■ Task instructions
Word for word, copy the lines beginning at the one with "A close-up, top-down" and ending at the last line below; pictures stay out.

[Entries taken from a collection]
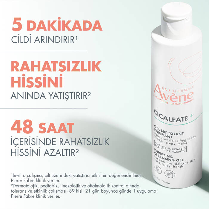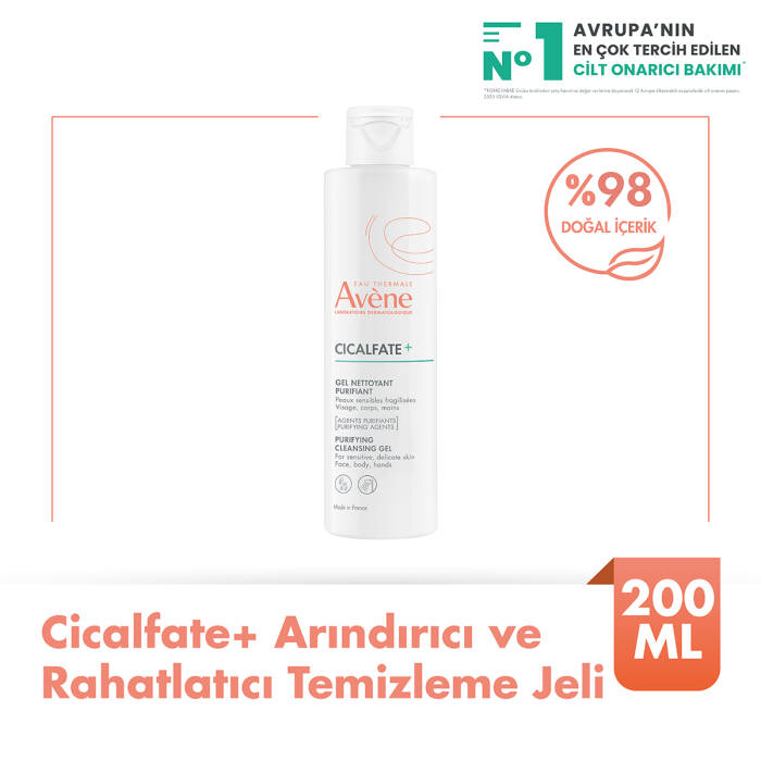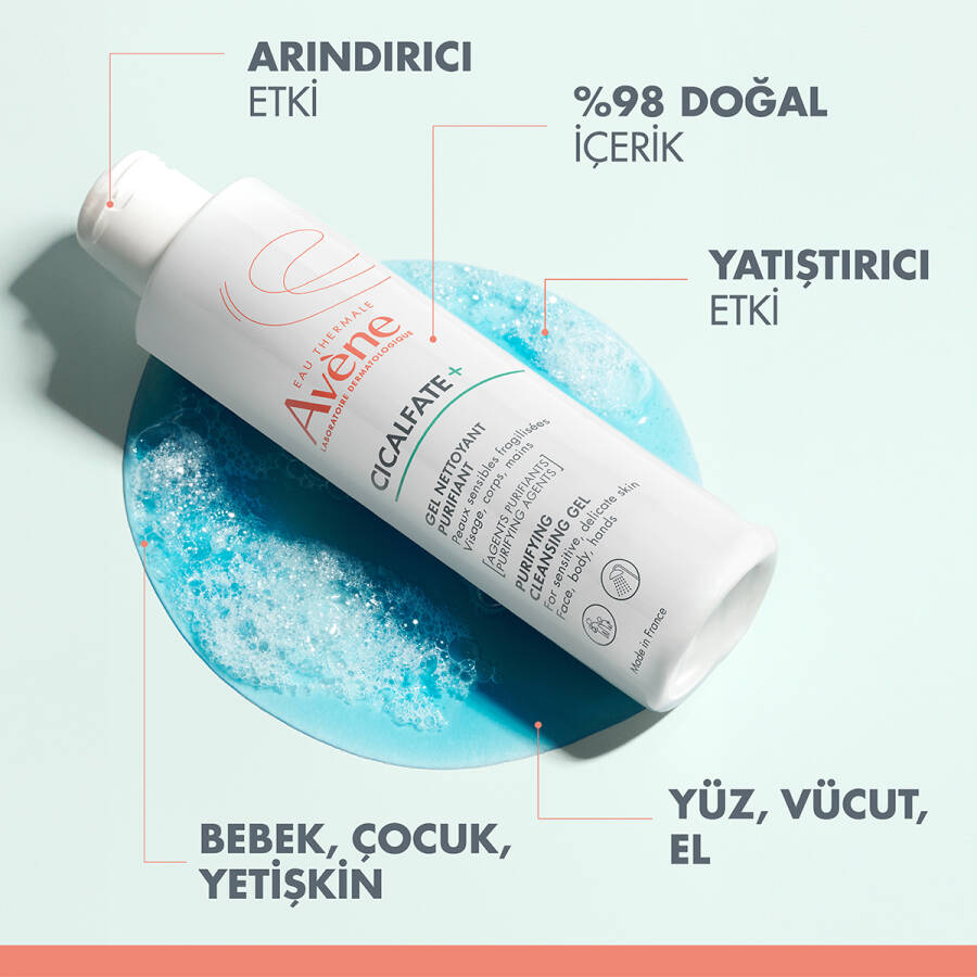Cicalfate+ Arındırıcı ve Rahatlatıcı Temizleme Jeli, içeriğindeki Avène Termal Su, C+ Restore, bakır-çinko sülfat, gliserin ile hassas cilt temizliği sunarken %98 doğal içeriği ile bebek, çocuk, yetişkin tüm ailenin hassas cildini kurutmadan temizler ve arındırır. Rahatsızlık hissini anında rahatlatır.*
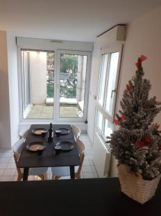 Chambre 12m2, plein sud, calme, grandes fenêtre, loggia privée +4m2 avec moquette gazon, grands rideaux, parquet, lit une personne ...
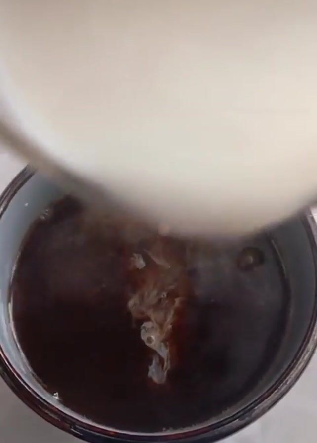 A close-up, top-down video shows someone pouring milk from a glass measuring cup into a metal bowl filled with dark coffee
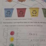 A atividade proposta foi feita em duas partes, a primeira os alunos fariam a leitura do novo gibi da Turma do Zé Quest, na aula de Língua Portuguesa e partiríamos para a aula de geografia onde também trabalhou-se as cores do semáforo e as cores para a reciclagem do lixo.
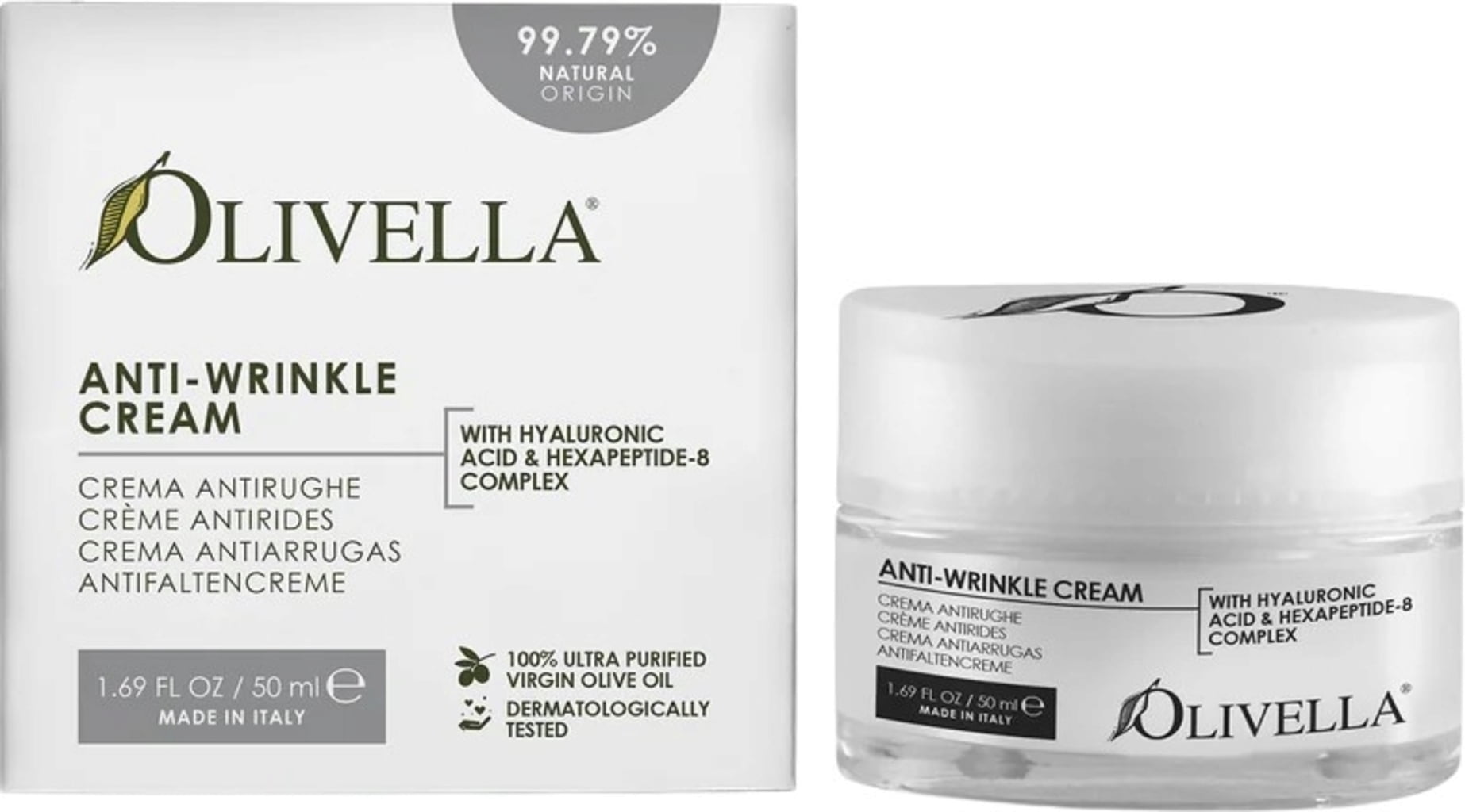 Aqua, Caprylic/Capric Triglyceride, Cetearylalcohol, Dicaprylyl Ether, Glyceryl Stearate, Glycerin, Olea Europaea (Olive) Fruit Oil, Olea Europaea (Olive) Leaf Extract, Sodium Hyaluronate, Acetyl Hexapeptide-8, Punica Granatum (Pomegranate) Fruit Extract, Gardenia Jasminoides Fruit Extract, Tocopherol (Vitamin E), Ascorbyl Palmitate, Xanthan Gum, Parfum, Sodium Benzoate, Potassium Sorbate, Citric Acid, Ethylhexylglycerin, Benzyl Alcohol, Cinnamal, Citronellol, Geraniol, Hexyl Cinnamal, Hydroxy Citronellal, Limonene, Linalool
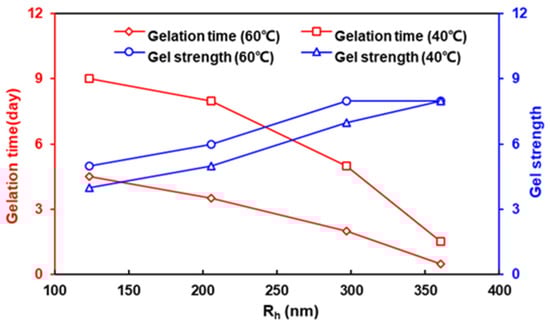 | Mw of HPAM (×106 Da) | Hydrolysis Degree (%) | Hydrodynamic Radius (nm) | Temperature (°C) | Gelation Time (Day) | Strength Code |
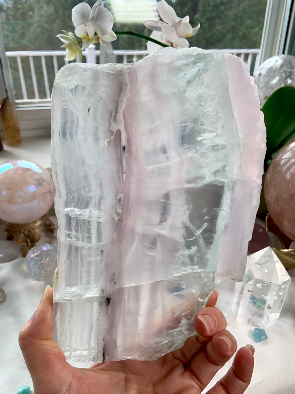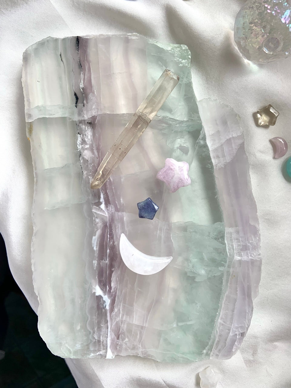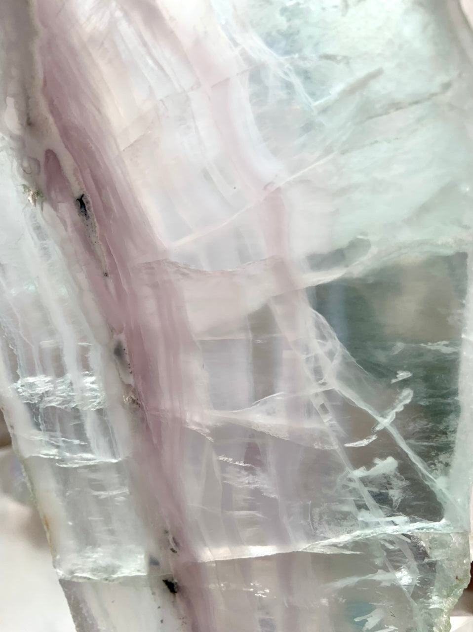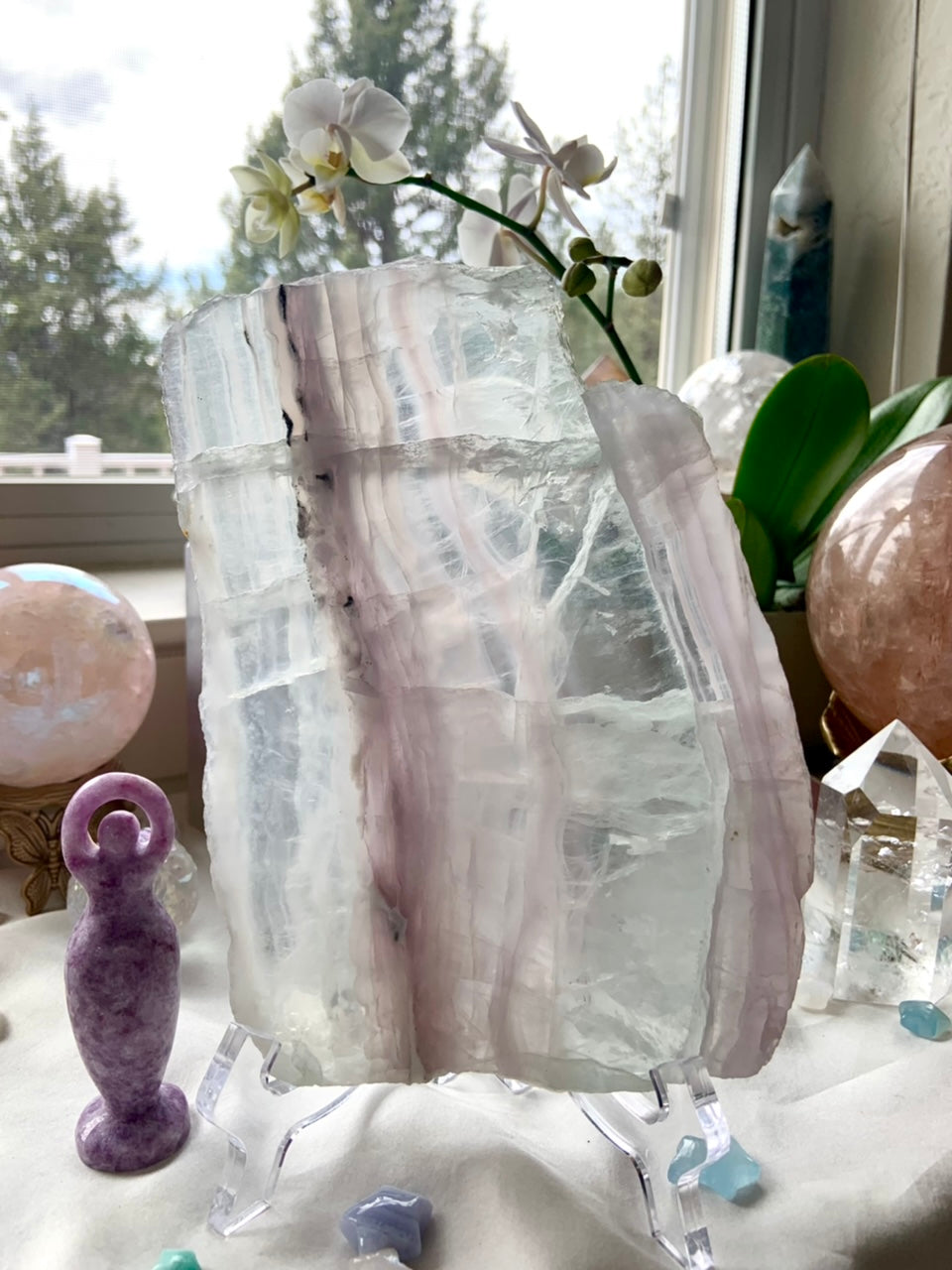 Use the large polished Yttrium Fluorite crystal slab as a beautiful high vibe surface to display special pieces in your crystal collection, your jewelry, heirlooms + treasures. Or display it on a stand + allow the light to pass through the dreamy pastel layers of this rare variety of fluorite.

■ Your response
 A close-up, top-down video shows someone pouring milk from a glass measuring cup into a metal bowl filled with dark coffee
 A atividade proposta foi feita em duas partes, a primeira os alunos fariam a leitura do novo gibi da Turma do Zé Quest, na aula de Língua Portuguesa e partiríamos para a aula de geografia onde também trabalhou-se as cores do semáforo e as cores para a reciclagem do lixo.
 Aqua, Caprylic/Capric Triglyceride, Cetearylalcohol, Dicaprylyl Ether, Glyceryl Stearate, Glycerin, Olea Europaea (Olive) Fruit Oil, Olea Europaea (Olive) Leaf Extract, Sodium Hyaluronate, Acetyl Hexapeptide-8, Punica Granatum (Pomegranate) Fruit Extract, Gardenia Jasminoides Fruit Extract, Tocopherol (Vitamin E), Ascorbyl Palmitate, Xanthan Gum, Parfum, Sodium Benzoate, Potassium Sorbate, Citric Acid, Ethylhexylglycerin, Benzyl Alcohol, Cinnamal, Citronellol, Geraniol, Hexyl Cinnamal, Hydroxy Citronellal, Limonene, Linalool
 | Mw of HPAM (×106 Da) | Hydrolysis Degree (%) | Hydrodynamic Radius (nm) | Temperature (°C) | Gelation Time (Day) | Strength Code |
 Use the large polished Yttrium Fluorite crystal slab as a beautiful high vibe surface to display special pieces in your crystal collection, your jewelry, heirlooms + treasures. Or display it on a stand + allow the light to pass through the dreamy pastel layers of this rare variety of fluorite.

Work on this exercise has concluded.